From: Phelps Williams
Subject: Re: [Discuss-gnuradio] USRP network based spectrum analyzer
Date: Thu, 29 Sep 2011 21:09:48 -0700

Thanks Marcus!

I took your idea and ran with it but encountered a funny issue.  I'm slightly confused about the output of the logpwrfft (which is giving me the output of gr_fft_vcc).  I've been assuming that logpwrfft returns a vector of amplitudes in dB for each fft bin.  Lets say my fft size is 1024, I'm assuming vector index 0 is the lowest frequency and vector index 1023 is the maximum frequency.  In plotting these values it appears to be something different.
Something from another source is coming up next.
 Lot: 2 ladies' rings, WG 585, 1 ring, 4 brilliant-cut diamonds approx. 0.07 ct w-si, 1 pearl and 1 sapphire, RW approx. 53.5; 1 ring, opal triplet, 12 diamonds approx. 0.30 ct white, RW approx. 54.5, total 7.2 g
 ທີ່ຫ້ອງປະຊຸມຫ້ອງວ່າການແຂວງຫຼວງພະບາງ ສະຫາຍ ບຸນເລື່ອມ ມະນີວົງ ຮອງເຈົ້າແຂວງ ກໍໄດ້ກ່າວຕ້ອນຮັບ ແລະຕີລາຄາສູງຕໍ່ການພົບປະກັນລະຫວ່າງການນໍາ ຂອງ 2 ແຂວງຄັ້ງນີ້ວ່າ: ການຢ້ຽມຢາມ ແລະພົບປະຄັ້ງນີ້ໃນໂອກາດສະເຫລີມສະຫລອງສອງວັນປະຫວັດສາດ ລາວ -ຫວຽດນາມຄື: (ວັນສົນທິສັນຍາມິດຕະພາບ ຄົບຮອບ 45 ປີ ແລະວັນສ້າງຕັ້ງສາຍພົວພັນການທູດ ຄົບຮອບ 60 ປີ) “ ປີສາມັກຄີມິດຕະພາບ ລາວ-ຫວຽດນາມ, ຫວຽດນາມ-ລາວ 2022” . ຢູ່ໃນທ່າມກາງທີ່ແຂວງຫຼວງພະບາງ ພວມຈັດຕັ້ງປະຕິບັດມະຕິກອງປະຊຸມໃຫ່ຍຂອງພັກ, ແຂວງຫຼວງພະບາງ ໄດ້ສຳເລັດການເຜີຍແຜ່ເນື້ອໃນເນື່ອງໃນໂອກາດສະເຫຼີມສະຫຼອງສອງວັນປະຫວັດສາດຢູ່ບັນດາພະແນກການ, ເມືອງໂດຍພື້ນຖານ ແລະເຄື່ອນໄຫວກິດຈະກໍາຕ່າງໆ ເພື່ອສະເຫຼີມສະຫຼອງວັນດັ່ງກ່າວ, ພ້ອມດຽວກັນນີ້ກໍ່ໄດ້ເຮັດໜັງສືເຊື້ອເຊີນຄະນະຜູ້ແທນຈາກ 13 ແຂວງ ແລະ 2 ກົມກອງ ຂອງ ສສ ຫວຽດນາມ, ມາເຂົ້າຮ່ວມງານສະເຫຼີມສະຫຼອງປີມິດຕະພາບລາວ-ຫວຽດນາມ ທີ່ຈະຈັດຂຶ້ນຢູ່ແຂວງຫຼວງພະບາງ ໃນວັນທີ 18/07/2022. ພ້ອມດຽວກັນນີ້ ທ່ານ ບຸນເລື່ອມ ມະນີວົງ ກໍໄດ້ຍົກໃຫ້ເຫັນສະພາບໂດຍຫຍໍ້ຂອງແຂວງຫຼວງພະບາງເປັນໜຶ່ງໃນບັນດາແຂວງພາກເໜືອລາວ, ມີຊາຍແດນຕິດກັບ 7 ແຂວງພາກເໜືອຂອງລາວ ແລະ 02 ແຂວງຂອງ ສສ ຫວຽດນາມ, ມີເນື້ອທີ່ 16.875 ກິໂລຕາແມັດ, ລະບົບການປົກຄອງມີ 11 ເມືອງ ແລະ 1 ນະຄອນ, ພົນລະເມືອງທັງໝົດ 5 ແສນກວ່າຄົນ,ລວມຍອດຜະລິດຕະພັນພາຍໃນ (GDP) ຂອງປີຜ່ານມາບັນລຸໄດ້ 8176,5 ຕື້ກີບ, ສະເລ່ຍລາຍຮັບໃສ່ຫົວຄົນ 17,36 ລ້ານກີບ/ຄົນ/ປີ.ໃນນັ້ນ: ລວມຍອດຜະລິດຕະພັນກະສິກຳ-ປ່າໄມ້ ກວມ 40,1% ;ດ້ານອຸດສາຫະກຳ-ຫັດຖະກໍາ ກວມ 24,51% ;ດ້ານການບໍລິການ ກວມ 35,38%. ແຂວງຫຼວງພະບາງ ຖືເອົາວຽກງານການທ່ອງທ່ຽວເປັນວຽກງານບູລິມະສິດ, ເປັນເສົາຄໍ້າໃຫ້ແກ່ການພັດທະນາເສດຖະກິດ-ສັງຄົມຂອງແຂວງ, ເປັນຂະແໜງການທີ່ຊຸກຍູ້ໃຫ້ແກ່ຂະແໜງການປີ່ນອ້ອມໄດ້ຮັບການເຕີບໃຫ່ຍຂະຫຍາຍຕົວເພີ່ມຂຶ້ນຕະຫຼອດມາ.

I can only guess vector index 0 is the center frequency, index 511 is the max frequency and index 512 is the min frequency.  Digging around gr_fft_vcc and I didn't see an obvious answer.  Any insight into what the fft is doing here?  Thanks!

-Phelps

On Wed, Sep 28, 2011 at 2:35 PM, Marcus D. Leech <address@hidden> wrote:
On 28/09/2011 4:50 PM, Phelps Williams wrote:
I have a usrp and computer in a remote location without much network bandwidth available to the system and I'm using it as a spectrum analyzer.  I'd like to run the fft on the remote system and then send the results to a connected client for display.  This would allow me to get greater fidelity than xwindows forwarding or the ascii dft example while also using less bandwidth.  I would imagine the client side would potentially reuse some of the existing wx or qt interfaces for display and control.

This seems like a pretty useful / simple use of this hardware.  Does anybody know of any implementations floating around that does this?  I'd prefer not to reinvent the wheel.

-Phelps

Because I'm such an insanely nice guy, I quickly implemented something like what you'd need.  Attached.
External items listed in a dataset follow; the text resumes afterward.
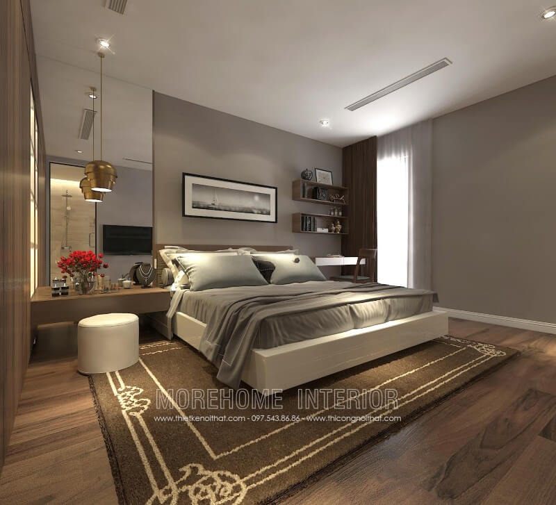 Giường ngủ chung cư hiện đại, được đặt chính giữa căn phòng mang lại cảm giác cân bằng và đảm bảo cho sự nghỉ ngơi được thoải mái hơn
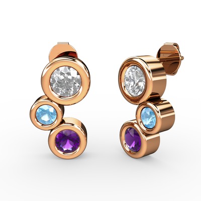 Ametist, pırlanta ve akuamarin 925 ayar rose altın kaplama gümüş küpe (1.84 karat)
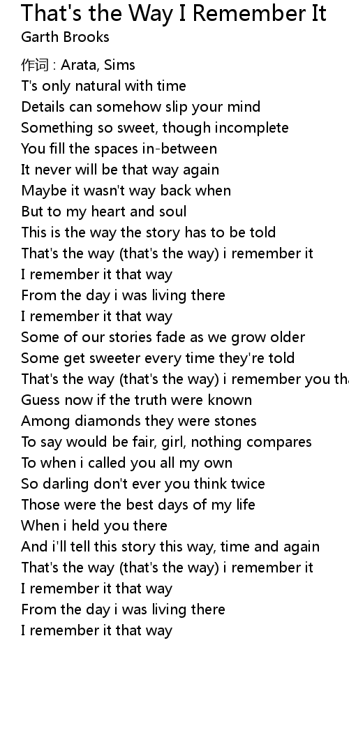 | That' s the way that' s the way i remember it | |
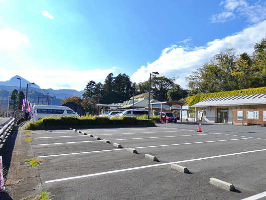道の駅「高千穂」の第二駐車場を除いた全景です。ここは比較的小さな道の駅で、駐車場は普通車が74台と大型車が7台になっていますが、普通車の駐車スペースは半数以上が国道218号を挟んだ反対側の第二駐車場になります。

It uses a UHD source, computes a (default 2048-point) 10*log10-scaled FFT, then outputs the resulting float-vector to a file-sink at a 5Hz rate.
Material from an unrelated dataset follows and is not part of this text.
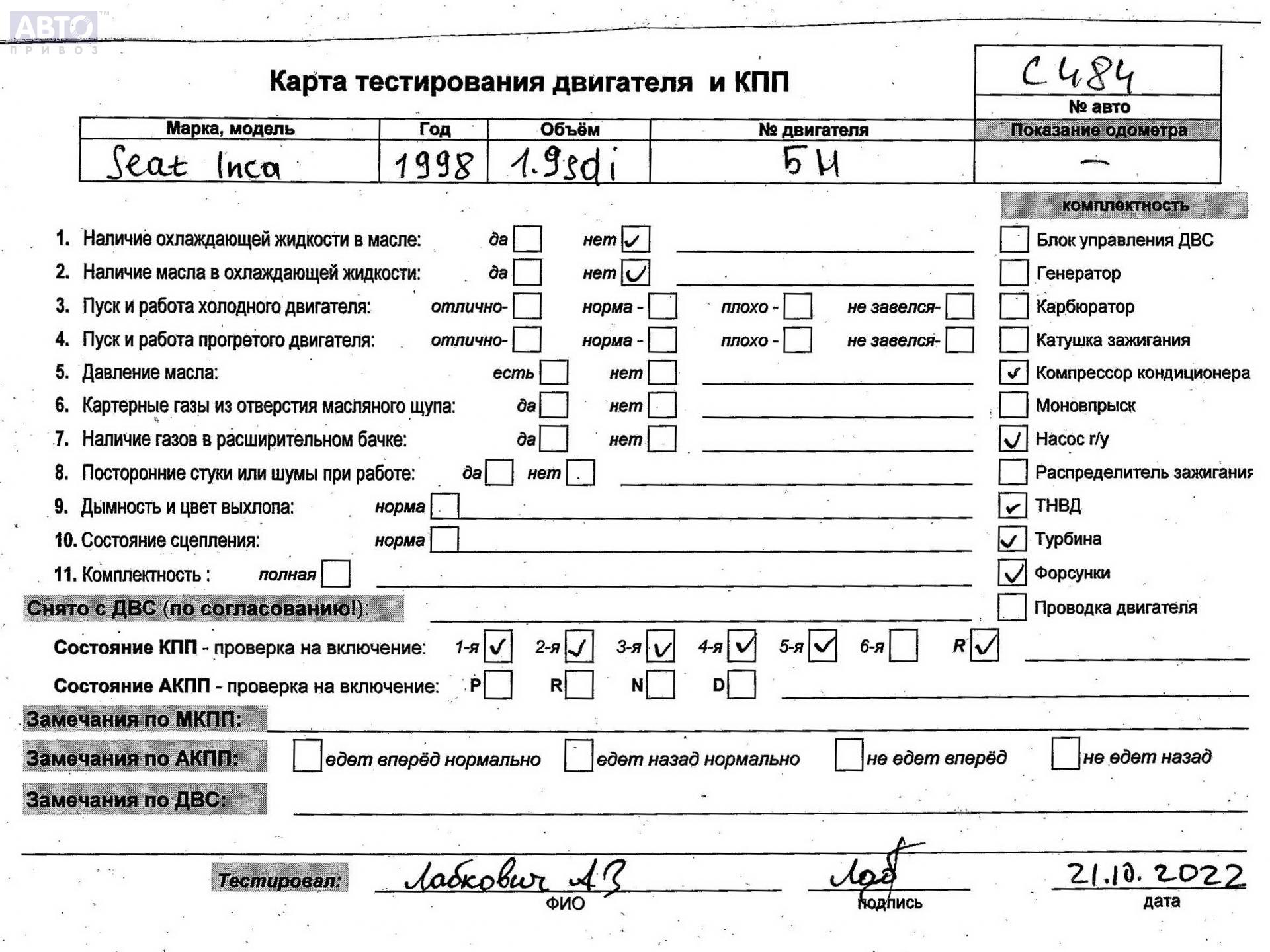 | Марка / Модель / Год: | Seat Inca 1998 |

Everything is pretty-much parameterized on the command line, including:

    frequency         (100M)
    gain                   (20)
    srate                 (1.0e6)
    fifoname          ("fft_output_fifo")
    devicecfg         ("addr=192.168.10.2")
    xmlport            (6060)

I've included the ability to change parameters on-the-fly using the XMLRPC server, which would allow you to, for example, change
 run-time parameters from some external interface, such as a WEB gui or similar.

If this were my problem, I'd start this thing in a script which creates the fifo file, starts some program that reads the FIFO (left as an
 exercise for the proverbial reader) in the background, then calls the Gnu Radio program.